His group, often referred to as Messianic Judaism, attempts to merge Jewish and Christian beliefs by convincing Jews to believe in the divinity of Jesus Christ while still remaining Jewish. The group is an inauthentic bastardization of the original. (To use a modern metaphor, it's like the new, critically-panned Sex and City sequel.)

And so it's unfortunate that I feel a bizarre connection to them. You see, there have been many days that people thought I was a Jew for Jesus. I can understand their confusion. After all, I'm the son of an Orthodox rabbi who spent a year visiting 52 churches. Fascinated by Christians' zeal for their religion, I was envious. Not of their savior, but of their passion for him. I wanted to find out why they were so pumped about Jesus so that I could take those lessons and get jazzed about my own Judaism.

The resulting memoir, My Jesus Year, told my story. When the book was first published, many Jewish groups were turned off. At first blush, they assumed I was a Jew for Jesus, coming to convert their children. When they eventually realized my message was the opposite -- that the grass is not greener at the church across the street -- I was welcomed into synagogues and Jewish community centers with open arms.

Which brings me back to Moishe Rosen and his Jews for Jesus organization. At just about every stop on my whirlwind book tour, I was always asked the same probing question: "You visited so many different denominations. Why didn't you visit the Jews for Jesus?"

My pat response was as follows: Living in the Bible Belt, we are blessed to have at least two churches on every street corner. I could spend "My Jesus Decade" and still not get to every place. But the real reason I didn't walk into a Jews for Jesus sanctuary was subconscious. I knew that they, more than any other group I visited, wanted my soul.

As much as some Christians want to convert Jews to their religion, it's not the sole reason for their existence. It may be part of their doctrine, but it is not the sum of all its parts. And what missionary efforts they do have are geared towards all non-Christians, not just Jews. On the other hand, Jews for Jesus' sole mission is to get Jews (and Jews alone) to accept Jesus as their savior.

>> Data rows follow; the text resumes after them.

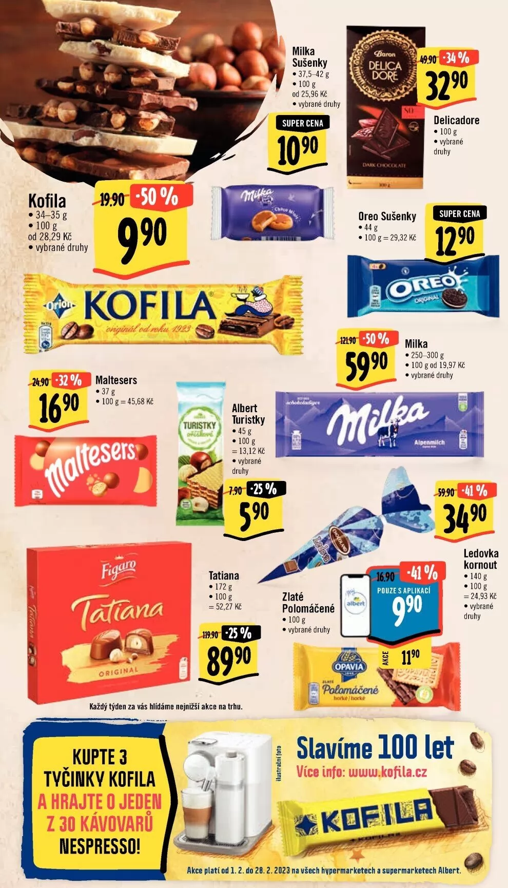 akce plati od l. 2. do 28.2.2023 na všech hvpermarketech a supermarketech albert.
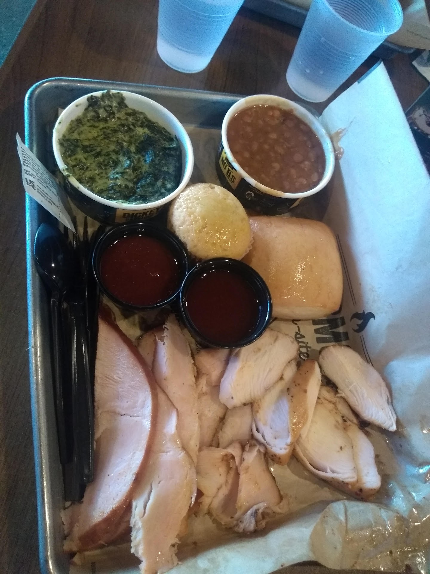 For our Baby shower we decided to order from Dickeys, and boy did that turn into a mistake. We ordered the wings, ribs, and pulled pork combos with large sides. Two yellow box packs. When we picked it up everything was listed on the boxes in sharpie and we assumed it had everything since it was written down.
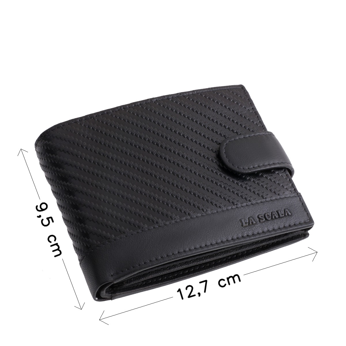 Egyedi felületi dizájnnal rendelkező valódi bőr férfi pénztárca a hozzáillő, stílusos és minőségi La Scala feliratos díszdobozban.
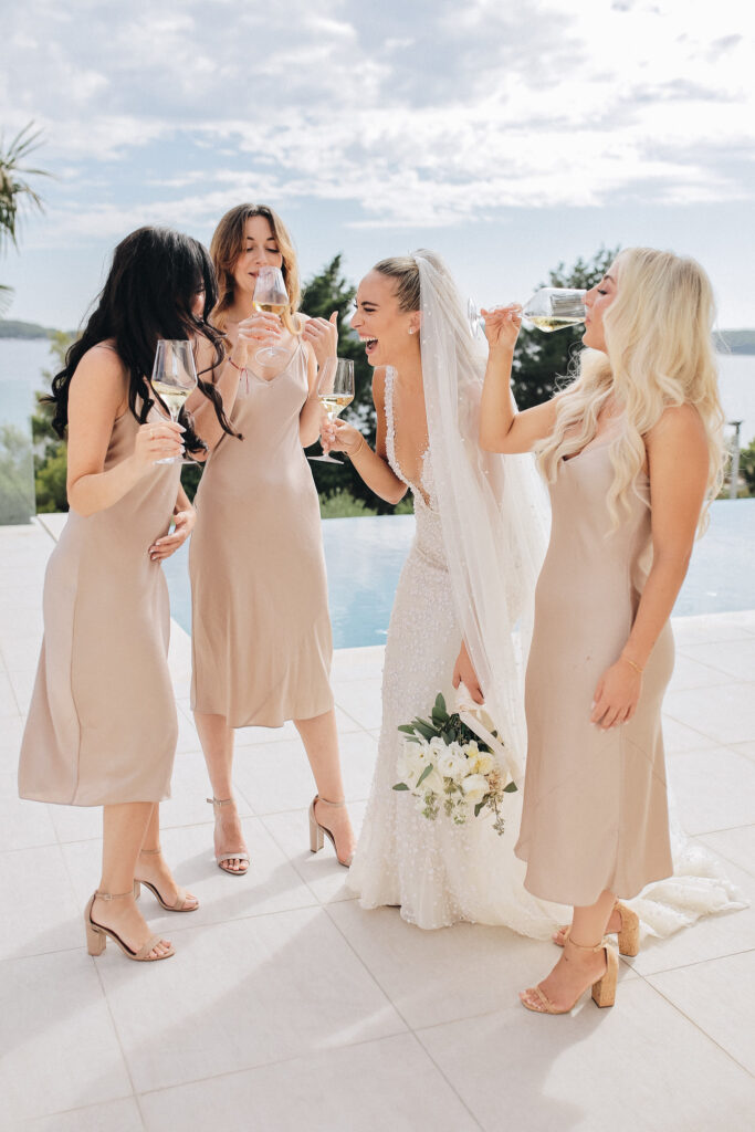 The celebrations began a day before the actual ceremony with a boat trip around Pakleni Island. This was a perfect way to help everyone relax before the big event at Fortress Hvar. The boat trip was followed by cocktails at the Topbar at Hotel Adrianna, where guests enjoyed canapés, a Gin & Vodka station, and live music, all while listening to heartfelt speeches.

Most Jews are offended by their very existence. It's one thing for a Jew to leave his faith completely and become a practicing Christian. But to retain your Judaism while at the same time accepting Jesus as the Messiah is the religious equivalent of hyphenating your last name. Just man up and choose a religion.

True religion means staying true to your religion. The question then becomes: What does that mean? How much can you change your religion, veering off its original path, before you enter into a completely new religion?

While there's been huge disagreement about what it means to be Jewish (Reform Jews, for example, will vastly disagree with Hasidic Jews on the topic), just about everyone (including Christians) agree that being Jewish means not accepting Jesus. Indeed, tell a Christian that you have accepted Jesus into your heart, and they'll be adding you to their rosters in an instant. Conversion completed.

But the Jews for Jesus organization sees it quite differently. Born Jewish, accept Jesus, and now you're one of them. They're not a halfway house on the way to full-blown Christianity. They view themselves as your final destination.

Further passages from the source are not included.